Keywords: HIV-1, rebound virus, tropism, genetic diversity, reservoir

Successful antiretroviral therapy (ART) reduces the human immunodeficiency virus type 1 (HIV-1) load in the blood to stable low levels; however, ART does not eliminate virus. Most people discontinuing therapy experience a rebound in the virus level (hereafter, “rebound virus”) from a persistent reservoir [1–4]. The variable timing of rebound, where the virus is coming from, and the complexity of the rebound virus population are poorly understood.

One potential source of virus is latently infected resting CD4⁺ T cells. There is also a continual production of virus at low levels despite ART, and other cell types could be the source of rebound virus. In a largely quiescent reservoir, rebound virus could be clonal, as the result of virus from a single cell leaving a latent state. However, the number and complexity of rebound virus within a person has recently been predicted to be much higher than predicted on the basis of a largely quiescent reservoir [4].

To this end, we used peripheral blood samples from patients in AIDS Clinical Trials Group study A5068 [5] to investigate the diversity and entry phenotype of rebound virus. Subjects in A5068 discontinued ART as part of an analytic treatment interruption (ATI) and had virologic rebound detectable in the blood 2–4 weeks, on average, after discontinuation of therapy. To study the complexity of rebound virus, we assessed the genetic diversity of viral env and also examined viral entry phenotype. Phylogenetic analysis showed a high degree of diversity in the rebound virus population. In addition, all Env examined required high levels of CD4 for efficient entry, consistent with prior selection for replication in CD4⁺ T cells. Our analysis suggests that a viral population replicating in myeloid cells is not a significant source of rebound virus in blood early after the discontinuation of ART.

METHODS

A detailed description of the study methods is available in the Supplementary Materials. The parent trial is registered at ClinicalTrials.gov (registration NCT00011011).

Study Population

All samples were collected under institutional review board–approved protocols, and all subjects provided written informed consent. AIDS Clinical Trials Group study A5068 examined whether structured treatment interruptions and/or vaccination with an ALVAC-HIV vector was associated with control of viral replication during a subsequent ATI, compared with no vaccination or structured interruption control (arm A). The study showed a modest effect in reduced peak and set point viral load of rebound virus in the arms that included the structured treatment interruptions [5]. Subjects with the ATI only (arm A) had a median CD4⁺ T-cell count of 779 copies/mL and viral RNA levels of <50 copies per mL at entry while still receiving therapy. For our study, we used blood plasma samples from 10 of these subjects early after the initiation of the ATI, when viral load was ≥1000 copies/mL. For one subject, a pretherapy sample was also available.

Virus Characterization

Sequences of virion RNA were examined using single-genome amplification (SGA) [6] of full-length env and deep sequencing with Primer ID [7] of the V1–V3 region of env.

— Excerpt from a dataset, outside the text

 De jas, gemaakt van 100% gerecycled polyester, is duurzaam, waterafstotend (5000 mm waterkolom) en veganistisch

Phylogenetic analysis of full-length env was used to select a representative sampling of amplicons for cloning to assess viral entry phenotype. env cloned in an expression vector was used in cotransfection with the pNL4–3.LucR-E reporter backbone plasmid into 293 T cells to generate an Env-pseudotyped luciferase reporter virus as described previously [8–10]. By comparing the ability of the pseudotyped virus to infect Affinofile cells expressing high versus low levels of surface CD4, we are able to consistently assess the viral CD4 entry phenotype as largely restricted to CD4⁺ T cells when high levels of CD4 are required for entry (T-cell tropic), compared with tropism favoring cells with a low density of CD4, such as macrophages (macrophage tropic) [8]. Sensitivity to soluble CD4 (sCD4) was used to confirm the CD4 entry phenotype. Additionally, coreceptor use was analyzed using Maraviroc inhibition of CCR5.

RESULTS

We analyzed 11 plasma samples from 10 subjects (subject 43 656 had a pretherapy [R0] and rebound [R1] sample available; Figure 1A). We used plasma from the first available time point at which the viral load was >1000 copies/mL, to focus on early rebound virus, with most samples yielding a viral load of <10 000 copies/mL (Figure 1B). Eight of ten subjects had nadir CD4⁺ T-cell counts before therapy of 201–500 cells/mL, while 1 (sample R10) was <201 cells/mL.

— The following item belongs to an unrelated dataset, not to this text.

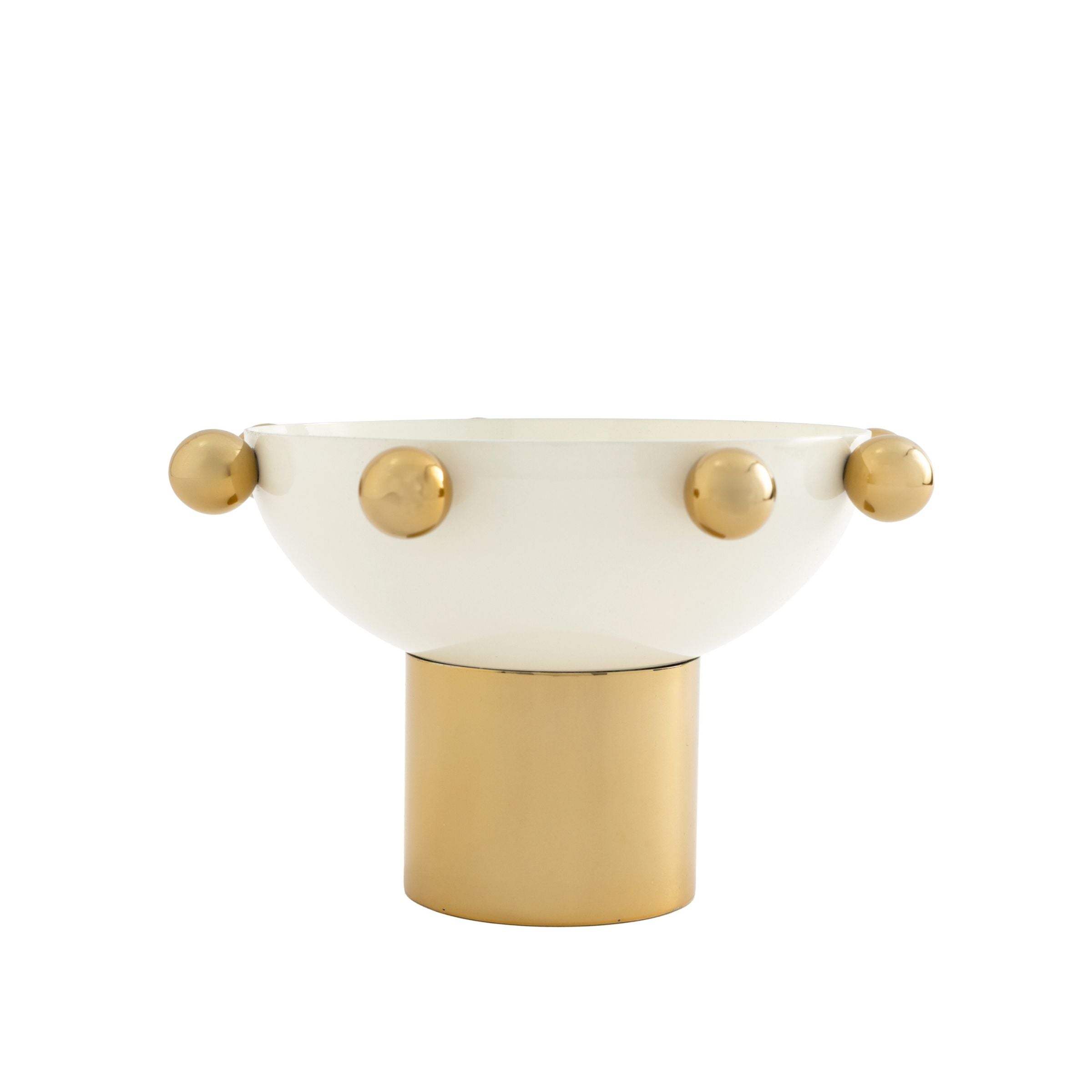 Add a modern touch of elegance to your table with the Temari White & Gold Footed Nut Bowl. Handmade in India, this bowl is crafted from polished stainless steel with a sleek white surface and clean, contemporary lines. Elevated by the collection’s signature gold ball feet, it blends modern design with timeless artistry. Perfect for serving nuts, candies, or small snacks, it also doubles as a refined decorative accent. Versatile and sophisticated, this piece makes everyday entertaining feel special.

To determine the viral sequence diversity of the rebound samples, we performed deep-sequencing analysis with Primer ID to sequence the V1–V3 region of env [7] (Figure 1D), in addition to doing SGA of full-length env [6]. Deep-sequencing results were achieved for 8 of 10 rebound samples and the pretherapy sample (however, the rebound sample, R1, from the patient from whom the pretherapy sample was obtained did not yield deep-sequencing results). We estimated the minimum number of rebound viruses as distinct sequence lineages in the phylogenetic tree analysis and highlighter plots (Figures 1D and 2A and Supplementary Figures 1 and 2). We used both distinct lineages and complex clusters of linked sequence differences in forming this estimate while trying to avoid interpreting complexity that could have been the result of postrebound recombination. We consider these values as minimum estimates of rebound virus complexity since the viruses considered as potential recombinants could have preexisted in the reservoir and been independently reactivated. Analysis of the minimum number of lineages versus the time (in weeks) to rebound demonstrated no obvious correlation between the time to rebound and the complexity of the rebound virus population (Figure 1C). For virus that rebounded in the first few weeks, we estimated 1–5 distinct lineages by deep sequencing, with a mean of 3.1 lineages, for these early rebound viruses. R2 took the longest to rebound (10 weeks) and showed a relatively low diversity, with only 2 lineages. SGA of full-length env showed 1–4 distinct lineages, with a mean of 3.1 lineages, similar to the results obtained with deep sequencing (Figure 1C). The mean intrapatient diversity was also determined by pair-wise analysis using full-length env and was found to be 0.2%–3.1%. Additional analyses of 10 subjects with early phase infection (Supplementary Table 2) [11] and 7 with chronic infection who were not receiving therapy (unpublished data; Supplementary Table 3) were also done, revealing mean intrapatient diversity of 0.16%–1.2% (Supplementary Figure 3) and 1.1%–4.1%, respectively. These numbers suggest that rebound virus is more similar to virus in chronically infected subjects, in whom multiple viral lineages form a genetically complex population.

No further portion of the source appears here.